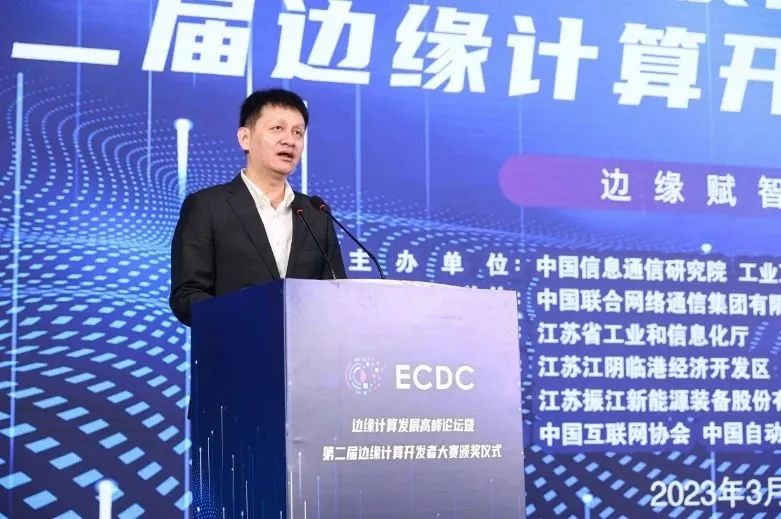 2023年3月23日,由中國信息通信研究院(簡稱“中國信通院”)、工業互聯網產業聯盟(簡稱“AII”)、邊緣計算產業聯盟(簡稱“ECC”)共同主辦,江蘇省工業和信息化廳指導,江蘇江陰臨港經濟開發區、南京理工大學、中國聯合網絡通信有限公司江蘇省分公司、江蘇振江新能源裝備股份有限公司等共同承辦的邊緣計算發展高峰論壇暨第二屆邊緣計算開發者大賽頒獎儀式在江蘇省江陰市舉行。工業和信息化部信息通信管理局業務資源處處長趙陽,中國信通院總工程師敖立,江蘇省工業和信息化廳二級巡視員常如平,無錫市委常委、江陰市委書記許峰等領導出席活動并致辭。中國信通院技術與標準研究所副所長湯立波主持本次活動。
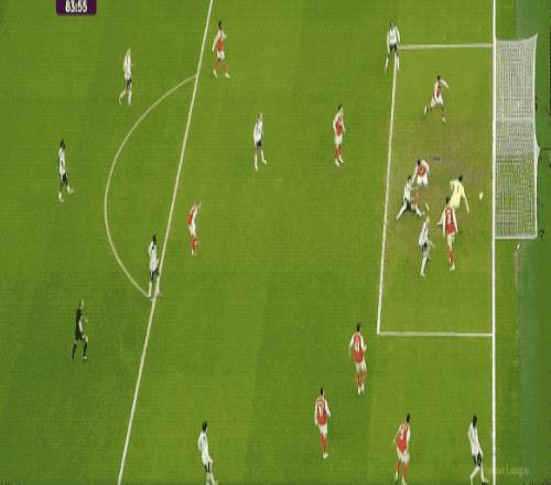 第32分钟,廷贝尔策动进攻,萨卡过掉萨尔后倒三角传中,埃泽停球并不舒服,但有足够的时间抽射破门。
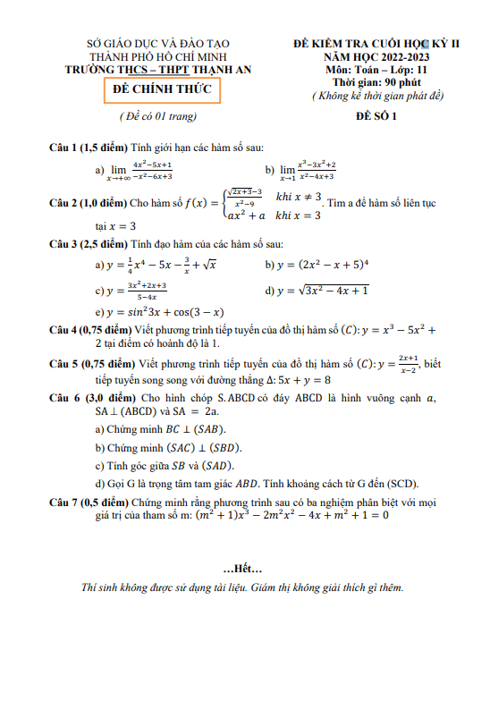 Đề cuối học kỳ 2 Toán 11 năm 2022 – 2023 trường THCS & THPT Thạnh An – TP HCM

* Task instructions *
A word-for-word copy is needed, starting at the first line of the listing and ending with the line bearing "第32分钟,廷贝尔策动进攻,萨卡过掉萨尔". No pictures.

* Written solution *
 2023年3月23日,由中國信息通信研究院(簡稱“中國信通院”)、工業互聯網產業聯盟(簡稱“AII”)、邊緣計算產業聯盟(簡稱“ECC”)共同主辦,江蘇省工業和信息化廳指導,江蘇江陰臨港經濟開發區、南京理工大學、中國聯合網絡通信有限公司江蘇省分公司、江蘇振江新能源裝備股份有限公司等共同承辦的邊緣計算發展高峰論壇暨第二屆邊緣計算開發者大賽頒獎儀式在江蘇省江陰市舉行。工業和信息化部信息通信管理局業務資源處處長趙陽,中國信通院總工程師敖立,江蘇省工業和信息化廳二級巡視員常如平,無錫市委常委、江陰市委書記許峰等領導出席活動并致辭。中國信通院技術與標準研究所副所長湯立波主持本次活動。
 第32分钟,廷贝尔策动进攻,萨卡过掉萨尔后倒三角传中,埃泽停球并不舒服,但有足够的时间抽射破门。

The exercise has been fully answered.